In fact, Modi’s highly centralised, strongman mode of politics has meant that politics has now moved to the street. With little ability to influence politics in Delhi, the farmers of Punjab, Haryana and western Uttar Pradesh decided – quite correctly – that their best bet lay in launching mass movements meant to embarrass the Modi government politically. India has seen significant political centralisation under Modi, in particular with political funding – a trend that has benefited the BJP. However, these protests are a rude reminder that in no way is the process complete and there will be forces which will try and take back power from the Centre.

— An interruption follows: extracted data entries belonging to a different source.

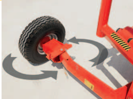
To achieve a narrower transport width, the right hand wheel is turned to the inside of the support arm.
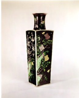
Title: Two Square Vases Date: probably 19th century Primary Maker: Chinese, Qing Dynasty (1644–1911) Medium: Famille noire porcelain Dimensions: H.: 19 1/4 in. (48.9 cm)
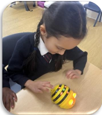
Year 1 loved exploring bee-bots commands in computing
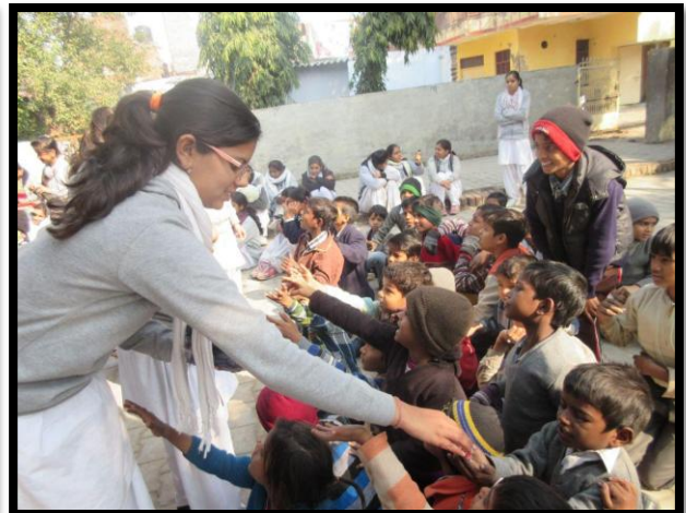
Recreation Services in Adopted Slums
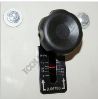
Blade Width Tension Indicator
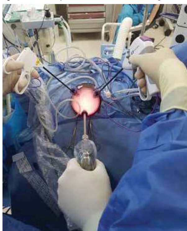
Figure 1. vNOTES GELpoint and instrument insertion through trocars
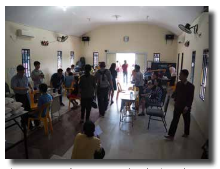
The sanctuary of Batu Aji BP Church where the medical clinic was held at
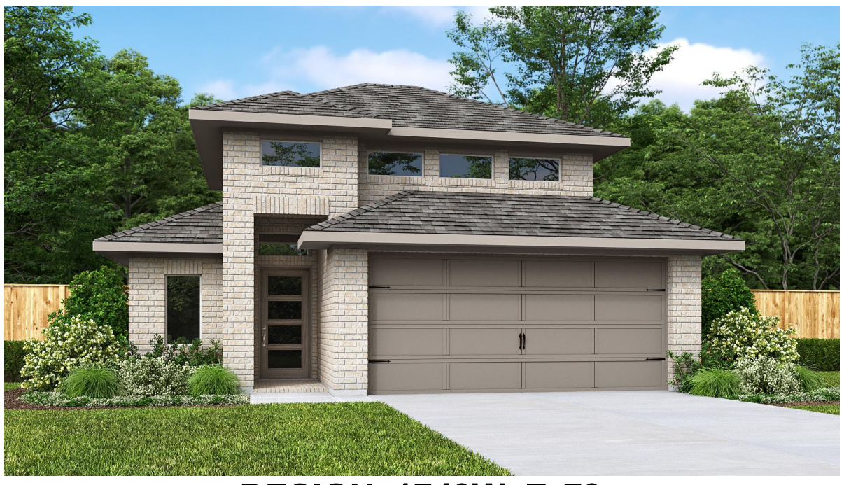
DESIGN 1743W E-73

In sesignt, as originarily designed and prior to any charges you make, is estimated to yield approximately fire further of square reox, stourn of page 1. All dimensions are approximate. Square rook vary based on as-built dimensions, configurations, plan options and/or the method of calculation. Designs are not-to-scale, and are conceptual illustrations that may depict features not available on all homesites or in all communities. Perry Homes reserves the right to make changes in plans and specifications, and to substitute material of similar quality. Prices, terms, promotions, plans, dimensions, features, options, amenities, elevations, designs, square footages, specifications, materials, and availability of homes or communities are subject to change without notice or obligation. All obligations will be governed by a written contract. This design does not constitute a commitment to build a particular floor plan or home in any given community. Some floor plans, options, and/or elevations may not be available on certain homesites or in a particular community and may require additional charges. Please check with Perry Homes to verify current offerings in the communities you are considering. This rendering is the property of Perry Homes, LLC. Any reproduction or exhibition is strictly prohibited. © Perry Homes, LLC 2022
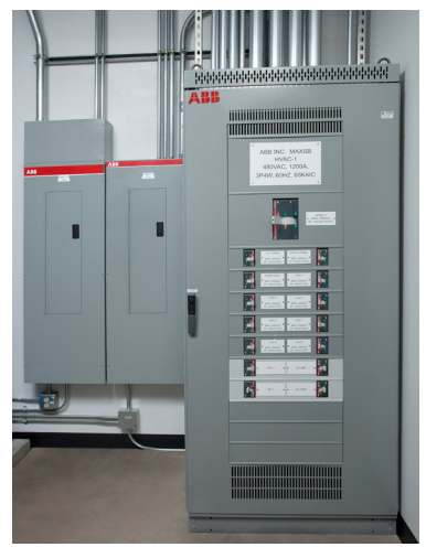
ABB ProLine Panelboard
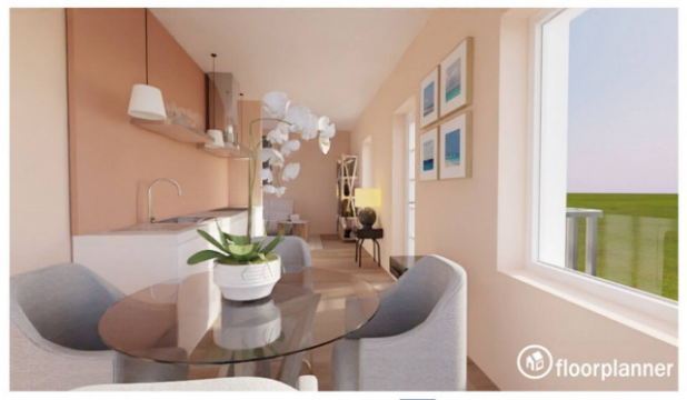
G COLDWELL BANKER
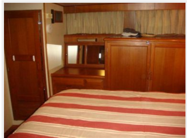
57' DeFever master stateroom head
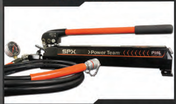
Lightweight single stage hydraulic hand pump c/w pressure gauge lock out needle valve and 15' hose. For model C165-AK1
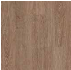
RRW 2505 Ridge Oak
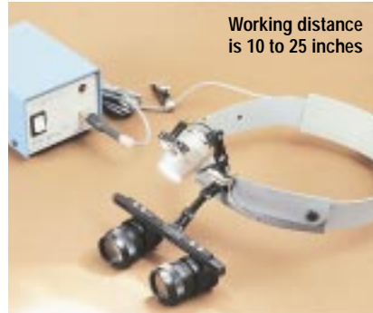
Working distance is 10 to 25 inches

This combination of a 3X or 4X magnifier and halogen light on a comfortable plastic headband is ideal for minor surgical procedures and examinations. The lightweight halogen light provides 1,000 foot-candles of illumination at 45.7 cm (18 in). The headband magnifier
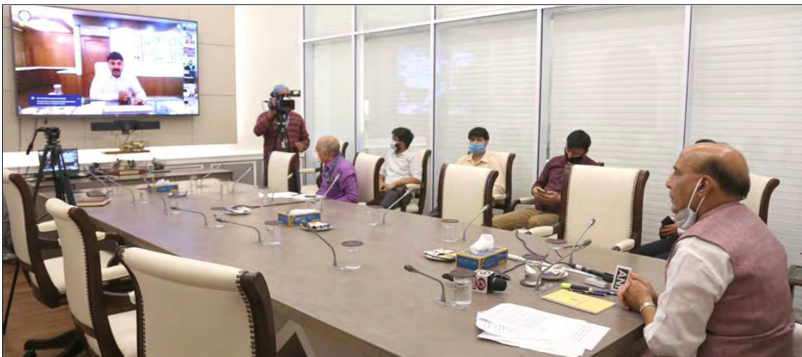
New Delhi, May 11, 2020: Hombarnü New Delhi nung National Technology Day anogomong nung Union Defence Minister, Rajnath Singh-i video conference ajanga Defence Research and Development Organisation (DRDO) nungi scientist tem den jembiba noksa nung angur. Kasa noksa nungsa Department of Defence R&D nung Secretary aser DRDO Chairman, Dr G Satheesh Reddy-a angur.

While this blowback to Modi’s hyper-centralised politics has been strongest with the farm laws, it is part of a larger trend. As I had argued back in June, Modi has rushed to bring in big policy changes – but has struggled to actually implement them. In 2019, the BJP passed the controversial Citizenship Amendment Act in Parliament – a move that Amit Shah had promised would be linked to a proposed National Register of Citizens in order to produce a Muslim-only citizenship test.
With even fewer stakes than North Indian farmers in the power structures of Delhi, Muslims as well as much of the North East took to the streets. The law also hit India’s international image hard, with Bangladesh angry that it was being blamed for infiltration as well as international censure for breaking India’s secular traditions.
Unlike on the farm laws, there was no repeal of the Citizenship Amendment Act. However, the backpedaling of the Modi government was still significant given its strong Hindutva positioning. From Amit Shah threatening to bring in an National Register of Citizens at the start of 2019, by the end of the year Modi was claiming urgently that the BJP actually had nothing to do with it. Moreover, two years after it was passed, the Citizenship Amendment Act is still to be implemented.
Similar gridlock exists with Kashmir. In 2019, the Modi government had summarily removed the special status of Jammu and Kashmir in the Indian Constitution and downgraded it to a Union territory without consulting the state assembly. The move was largely cosmetic given that the substance of special status had already long been removed. However, the iron fist adopted by the Centre since then means that the security situation today in the Valley is fraught. In all, it is unclear what was gained by the shock 2019 decision.
The current moment is a delicate one for the BJP. Modi’s populist, strongman image dictates that he takes strong policy decisions by claiming direct legitimacy from the Indian people. However, rollbacks, or even an inability to eventually implement these policy moves, can end up creating serious blowback for Modi. For example, farm leaders, having seen that Modi is coming from a position of weakness, have decided to press even harder by refusing to end the protest, arguing that farmers will only go home when all their conditions are fulfilled, including the provision of a (near-impossible) universal price guarantee for crops.
Photoshoot
On Sunday, the BJP ran an image of Uttar Pradesh chief minister Adityanath and Modi in deep discussion. Even as Twitter took on itself to point out that the photo was staged – the prime minster lost his shawl in the second photo as well as changed hands – it is clear that the BJP wants to dispel any rumours of a rift and make clear that the forthcoming state elections will be fought jointly by the two.